So once somebody has ruptured their ACL there are 2 options open to them:
1. Do nothing- it is not compulsory to have an ACL reconstruction once it has ruptured. There are plenty of people that manage an ACL rupture conservatively quite successfully. With the right physio rehabilitation, eventually activities such as cross trainer, exercise bike, swimming and specific weight training are achievable. However, it is unlikely that someone deficient in an ACL would be able to play team sports such as soccer, rugby, netball etc or go skiing without the aid of a supportive brace. A person who has ruptured their ACL should ask themselves the question- what actives do I want to do for the rest of my life and then make their decision on whether to go ahead with an ACL reconstruction or not.
2. An ACL reconstruction- there are 3 main current methods of reconstructing the ACL:
a. Hamstring graft- The hamstring is the main muscle at the back of the thigh and is responsible for flexing (bending) the knee and has a role in assisting the gluteal muscles in extending the hip. A portion of the semitendinosus and gracilis tendons are taken to form the new ACL graft.
A crucial thing to remember with both the Hamstring and Patella Tendon graft is that the moment the living tissue is taken out of the body during the operation, it starts to die. Since it is tissue from the patients own body, the immune system does not tend to attack the new graft as a foreign invader. However, there is a process over the first 9 weeks post op where the more contractile tendon tissue is slowly dying to be converted into a stabilising ligament tissue. This is important information for the physio to remember because as such at 9 weeks the new graft is at its weakest.
b. Patella Tendon graft- The patella tendon is an extension of the quadriceps muscle and absorbs the the knee cap before attaching onto the front of the shin bone. During the procedure
The benefits of the patella tendon graft is that the bone plugs taken from the bottom of the patella and the top of the tibia give the new ACL graft a more sturdy boney anchor to assist in the recovery. Also the natural length of the patella tendon is coincidently the same as the ACL and so there is no need to accurately cut the graft to the precise size as in the Hamstring graft.
The disadvantages of using the Patella tendon graft is that it can difficult to kneel on the operated knee post surgery.
c. LARS (Ligament Augmentation & Reconstruction System)

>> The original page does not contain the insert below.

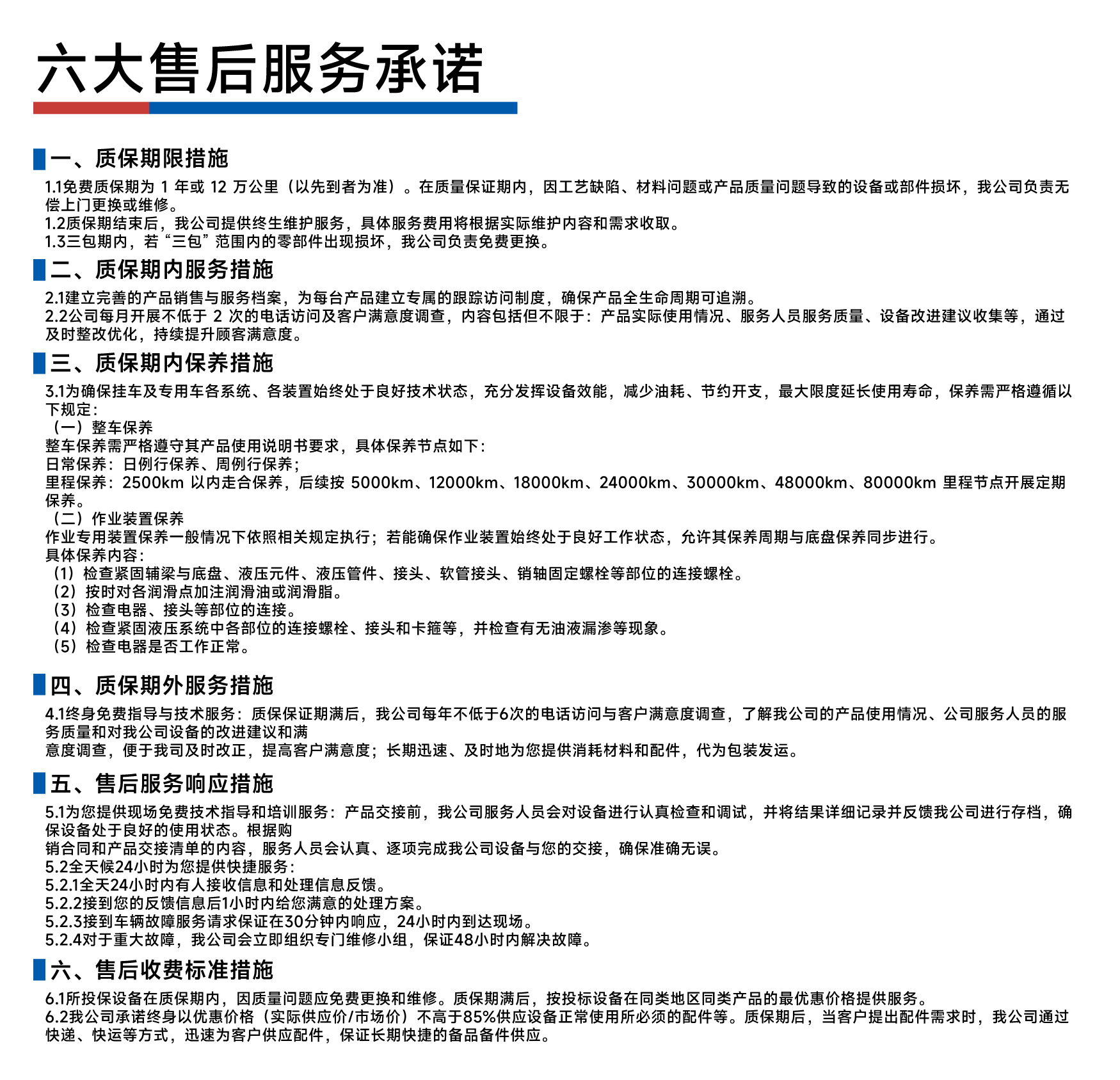 六大售后服务承诺

This is the most recent development in ACL reconstruction. The basic premise of this system is that a synthetic material is used through the stumps of the two ruptured ends of the pre existing ACL. This trellis then allows the 2 ruptured ends of the ACL to grow along the synthetic LARS like a vine until the two ends are reattached.
The advantage of this system is that the rehabilitation is generally slightly quicker as you’ve got a nice stable synthetic ligament that doesn’t need to change from being a tendon structure into being a ligament structure like the patella tendon and hamstring graft technique.
On the flip side, as it is a relatively new surgical procedure there has not been any long term studies on the LARS so nobody really knows how comparable this cutting edge technique will be compared to the more traditional hamstring or patella tendon graft. Furthermore, seeing as the LARS is a foreign tissue, the bodies immune system has the potential to reject it. Finally, there has been some high profile failures of the LARS in elite athletes so all in all I would say watch this space.
There is one more less commonly used option for ACL construction and that is using a tendon from a cadaver. This is pretty uncommon nowadays and the main reason for doing this would be if the patient had already had surgery on their hamstring/ patella tendon or had poor quality tissue. This also has the same potential problems as the LARS as it is a foreign tissue so the body may well reject it.
Post operatively, the surgeon stitches the main 3 incision sites and covers them with plasters. There is then a large crepe bandage placed around the knee and the patient is encouraged to immediately start bending and straightening the knee, get the quads switching back on again and then encouraged to walk on crutches as pain allows. However due to post op pain, the patient will probably only want to weight bear on operated leg for balance and not actually put too much weight on it.
Although most surgeons will have their own preference as to which of these 3 surgical procedures to perform, they should offer the patient any of these 3 surgical options and talk them through the pro’s and cons of all 3 techniques. On the other hand, if someone was to ask for my personal opinion, my particular preference would be the hamstring graft for the best result but it is only marginally more my preference over the patella tendon graft.